To commemorate the passing of a British institution I thought I should go to my nearest Little Chef and pay my last respects. But when I got there, I kept driving down the A1 to the next junction, turned round, and went back the way I had come. And parked in the car park of the real transport café opposite.

You see, in its own sense Little Chef has been part of the problem. By homogenising the transport café and spreading its wings across the UK it has done its bit to save us from the circle of hell reserved for the coffee shop and the burger bar. But as it has done so, it has to a degree lost a sense of its own identity – it has ceased to become a transport café and has become a chain in its own right. The hotplate and the fryer behind the counter sit in cynical defiance of everything a proper café ought to represent, and the prices are enough to make any self-respecting trucker stand agape in disbelief.

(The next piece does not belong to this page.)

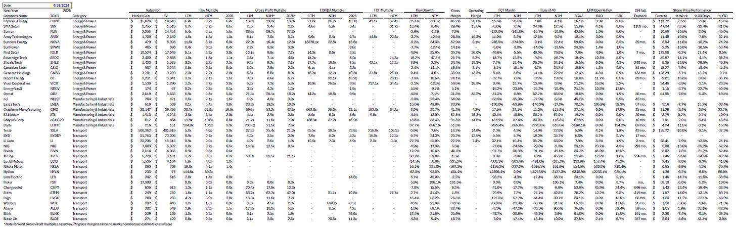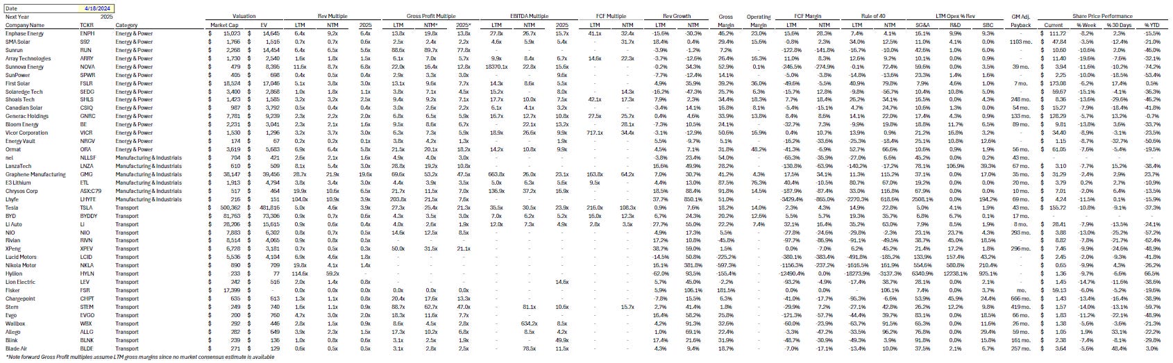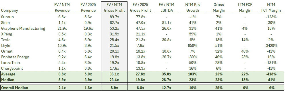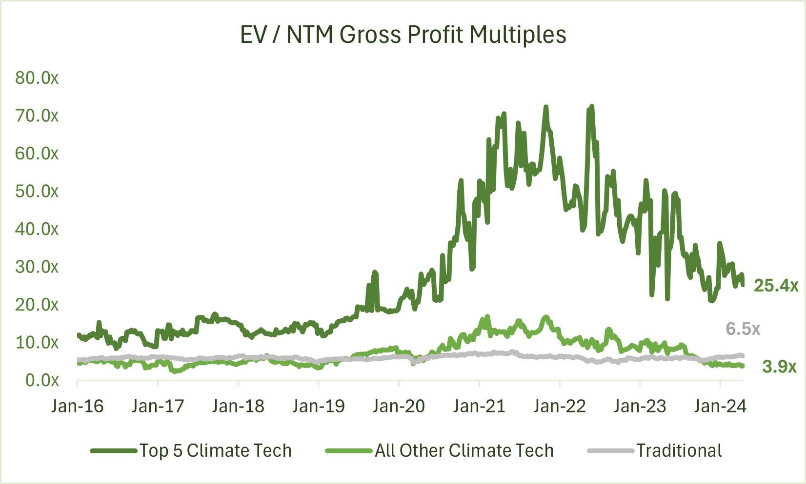 While technology companies are typically valued on Next Twelve Months (NTM) Revenue, traditional industrial businesses are often valued on Last Twelve Months (LTM) EBITDA. Due to the varied business models across climate tech (and the fact that many of the companies are not yet EBITDA positive) valuation multiples here are calculated based on Next Twelve Months (NTM) Gross Profit.

We won’t miss Little Chef as much as all the pundits think – because at the end of the day, it’s no different to Starbucks or Burger King. It’s yet another way that the weary motorist can feel lost en route, another assimilated eatery that could be the same in Coventry or Colchester. And we still have the dear old transport cafes that Little Chef sought to emulate. As I sat in Kate’s Cabin with my egg and chips, looking across at the Little Chef that progress was soon to extinguish, I felt no sense of remorse. This third way – the oldest way – is the best way to eat on the road. Real food cooked in real pots and pans in a real kitchen by a real chef. Who should be overweight in an ideal world – because you should never trust a thin chef. A small slice of roadside heaven – and roadside individuality to boot.

And long may it continue.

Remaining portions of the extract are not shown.